A new genetic fault which may account for some cases of inherited deafness has been revealed by Dutch researchers.
It means that parents with the hereditary condition may be able to predict more accurately the chances of passing it on to their children.
The new find, documented in the American Journal of Human Genetics, could even one day contribute to treatments, say the scientists.
One child in 750 is born with severe hearing loss or profound deafness.
The gene in question, labelled PTPRQ, appears to play a role in the development of the inner ear "hair cell" before the birth of the child.
A genetic fault here means that these cells will not form properly or in sufficient numbers, leading to profound deafness or extremely poor hearing.
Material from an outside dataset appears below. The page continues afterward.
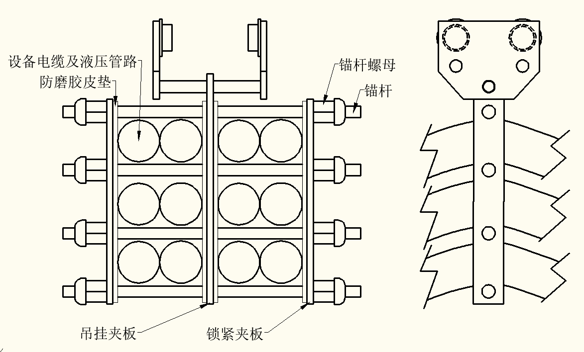電纜夾具如圖5所示。電纜夾具可以將電纜整齊的固定在單軌吊上。電纜夾具由12mm厚鐵板加工而成,分為吊掛夾板及兩側(cè)的鎖緊夾板,吊掛夾板的作用是與行走小車連接將電纜夾具與小車連接成一體。鎖緊夾板的作用是通過(guò)擰緊兩端錨桿螺帽,將內(nèi)部電纜夾緊固定,防止電纜發(fā)生竄動(dòng)。電纜夾具的間隔錨桿為Φ22×400mm,間隔錨桿的長(zhǎng)度可以根據(jù)所夾持電纜數(shù)量的多少增加或縮短。使用時(shí)錨桿外側(cè)套橡膠管,夾板內(nèi)側(cè)墊皮帶防止錨桿及金屬夾板直接與電纜外皮接觸導(dǎo)致磨損。鋪設(shè)時(shí)將電纜鋪設(shè)在上層,液壓管路鋪設(shè)在下層,一是防止液壓管路泄露后導(dǎo)致電纜淋水,二是便于檢修液壓管路竄液等故障。

This can lead to problems throughout childhood, including behavioural and developmental difficulties, and low academic achievement.
The latest gene was tracked down by scientists at Radboud University Nijmegen Medical Centre who looked closely at the DNA of families prone to the condition, looking for shared genetic traits.
There are now more than 60 known locations in our DNA which can contain faulty genes contributing to this form of deafness, although only half the genes in these locations which actually cause the problem are yet to be identified.
Dr Hannie Kremer, who led the research, said: "Our approach is identifying more genes for congenital deafness.
"This knowledge will help improve treatments for patients, genetic counselling, molecular diagnosis and the development of advanced therapeutic strategies."
Dr Sohaila Rastan, chief scientific officer for the deaf and hard of hearing charity RNID, said: "Knowledge of genes causing deafness tells us more about how our hearing works.
"This research will help develop medicines that are desperately needed to prevent deafness and restore hearing."
There are hopes that gene therapy will one day be able to correct genetic defects linked to this type of deafness.